ROMA (ITALPRESS) – Le imprese agricole accelerano il passo per recuperare il ritardo nel cammino verso la transizione digitale.
Il 23% delle aziende del settore sta adottando o intende adottare tecnologie 4.0 tra il 2022 e il 2024, contro il 4% del triennio 2017-2019 e il successivo balzo al 20% nel biennio dell’emergenza pandemica. Ma per un’azienda del settore su quattro le risorse economiche insufficienti sono il principale freno ad investire nella digitalizzazione. Anche per queste imprese il Pnrr potrebbe essere un’opportunità da cogliere, tuttavia il 69% delle aziende del settore dichiara di non volere o di non potere accedere a queste risorse. Mentre solo il 16% si è già attivato e un altro 15% ha in programma di farlo. E’ quanto emerge da un’indagine del Centro Studi Tagliacarne su un campione di 800 imprese agricole con almeno 2 addetti secondo cui un’impresa agricola su due conta di superare i livelli pre-Covid entro il 2024.
“L’agricoltura si sta dimostrando sempre più ricettiva nell’adozione delle nuove tecnologie abilitanti con l’obiettivo di competere al meglio sul mercato”, evidenzia il presidente di Unioncamere, Andrea Prete, che aggiunge: “Le imprese agricole sono più propense delle altre realtà imprenditoriali a investire in capitale umano per migliorarne le competenze e per favorire la partecipazione dei dipendenti allo sviluppo dei progetti di innovazione, in una logica di condivisione. Tuttavia, per dare un ulteriore slancio al processo di cambiamento in corso è necessario sviluppare policy mirate che favoriscano la modernizzazione dell’intera filiera che resta strategica per la nostra economia”.
Più nel dettaglio la scarsità delle risorse finanziarie è un ostacolo agli investimenti in tecnologie abilitanti avvertito particolarmente dalle imprese femminili del settore (49% contro il 25% delle aziende agricole complessive). Ma a creare maggiori difficoltà ad investire nella transizione digitale sono anche i costi troppo elevati delle tecnologie (23%) e la scarsa informazione sull’iter per investire in tecnologie digitali (21%).
L’86% delle imprese agricole fa ricorso al capitale proprio o familiare per finanziare la gestione corrente e realizzare investimenti. Un dato che conferma la scarsa capitalizzazione delle aziende di questo settore, dove il capitale aziendale si confonde con quello personale. Ma quando le aziende ricorrono all’esterno per trovare le risorse necessarie, il 52% si rivolge agli istituti di credito mentre appena il 25% utilizza i finanziamenti pubblici diretti.
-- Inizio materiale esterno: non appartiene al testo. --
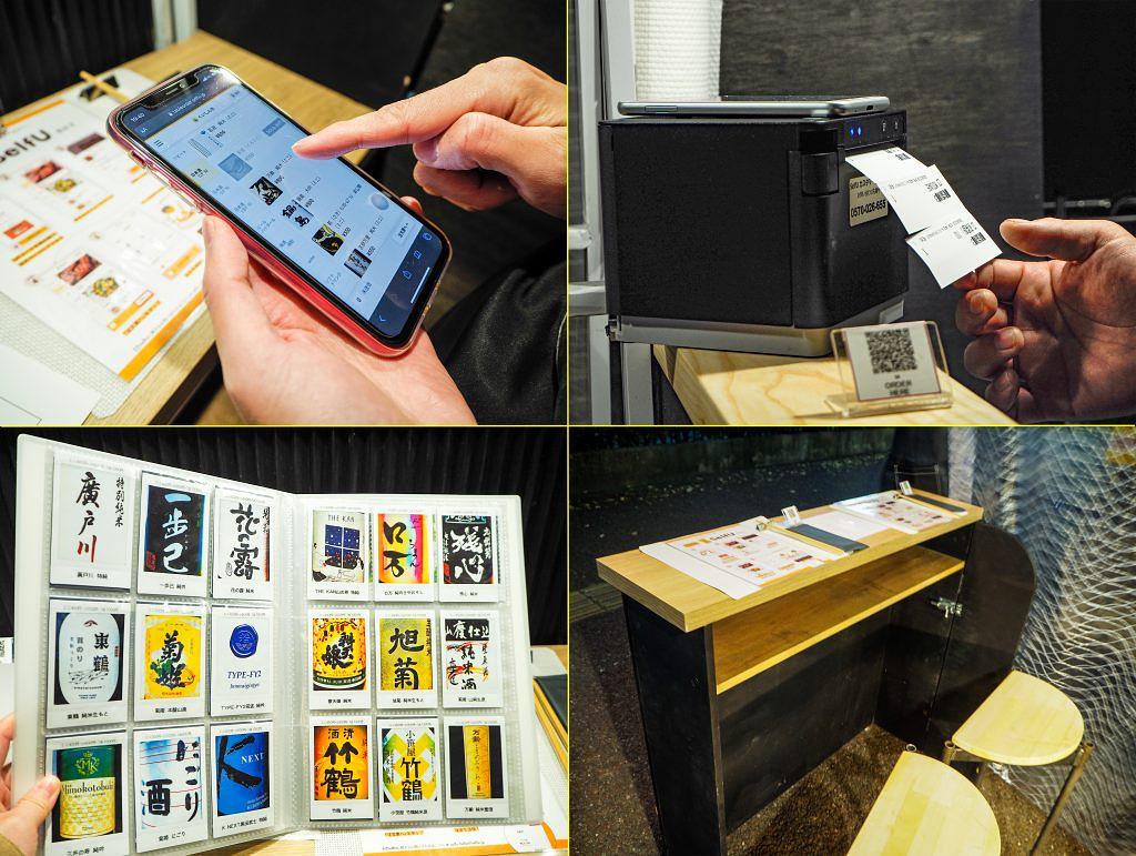 “ネオ屋台”と呼ばれる所以は、屋台のデザインやシステムにも。入口そばの独立した客席や、座面を少し傾けて座りやすさを追求したイス、厨房も機能的で、日本酒メニューはラベルをわかりやすく並べています。さらには、スマートフォン&2次元バーコードを使用して注文できるオーダーシステム「SelfU」も、九州初導入!

La metà delle imprese agricole (il 49% per esattezza) sta realizzando o intende realizzare investimenti green tra il 2022 e il 2024, con picchi che salgono al 61% per le imprese guidate da donne e al 55% per quelle under 35. Ma il Sud resta indietro (43%). Mentre dal punto di vista settoriale più sensibili alla sostenibilità si rilevano le imprese del settore agricolo (58%) meno quelle della Silvicoltura (31%).
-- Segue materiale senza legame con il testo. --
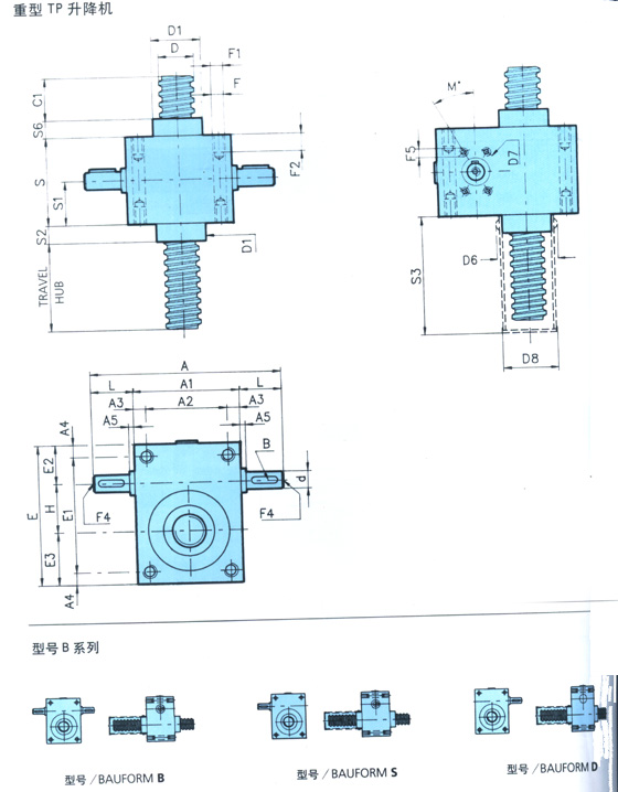 TP係列升降(jiàng)機,TP升降機:TP機械絲杠升降機操作簡單,可靠性強,低維修率等優點, 使螺旋千斤頂有著廣闊的應用範圍.TP機械千斤頂配有自 動連鎖機構,即他們能支撐自身重量而不(bú)必采用閘或其它 鎖定係統(tǒng).千斤頂可單獨使用(yòng)也可與軸、聯軸節,傘(sǎn)齒輪傳動器結合共同使用。他們可由交(jiāo)流或直流電機驅動,也可由(yóu)液壓或氣壓電機驅動,他(tā)們可手動驅動也可用其它傳動形式;

Imboccare la strada della transizione green non sembra preoccupare particolarmente le imprese del settore. L’86% delle imprese dichiara, infatti, l’assenza di particolari difficoltà all’introduzione di investimenti green nella propria attività.
Maggiori problematicità si riscontrano in corrispondenza della ricerca delle figure professionali necessarie (12%) e dei costi di approvvigionamento delle materie prime verdi troppo elevate (10%).
Mentre le risorse finanziarie sono un problema solo per l’8% delle imprese del settore.
Ben il 78% delle imprese intervistate dichiara che investire in sostenibilità è un’opportunità per il proprio business, contro il 63% delle imprese industriali e il 55% dei servizi. Ma per il 22% la via “verde” rappresenta solo un vincolo. In particolare, il 47% è mosso dalla necessità di rispettare le regole imposte a livello nazionale ed europeo, il 22% dalla consapevolezza del rischio aziendale causato dall’inquinamento e dal cambiamento climatico, il 21% dalle migliori ricadute sull’immagine e sulla reputazione dell’azienda.
Tra i principali risultati conseguiti dalle aziende che hanno realizzato investimenti verdi – il 50% nel quinquennio 2017-2021 – la riduzione dei rifiuti o degli scarti di produzione va per la maggiore (63%). Seguono, al secondo posto l’utilizzo di energie rinnovabili (47%) e al terzo il risparmio idrico (39%).
Appena il 13% delle imprese agricole dichiara di avere più di qualche grattacapo con il passaggio del “testimone”. Ma per il 59% dei casi il ricambio generazionale non è un problema, perchè è già stato fatto oppure perchè non in agenda. Il 45% delle imprese è ancora alla prima generazione, con picchi nella Silvicoltura (68%) e nel Sud Italia (59%). Mentre, il 38% è alla seconda generazione e solo il 16% alla terza o successiva. Colpisce che più dei due terzi dei giovani imprenditori agricoli non hanno fondato l’impresa ma l’hanno ricevuta in eredità.
Più laureati tra imprese agricole a guida giovanile e femminile Sebbene solo un imprenditore agricolo su dieci sia in possesso di un diploma di laurea, la quota di laureati sale al 26% tra le imprese giovanili e al 21% tra quelle femminili. Nel complesso i “dottori” sono in numero maggiore tra gli i capitani di impresa con più di 50 addetti (23%) e nel Centro Italia (18%).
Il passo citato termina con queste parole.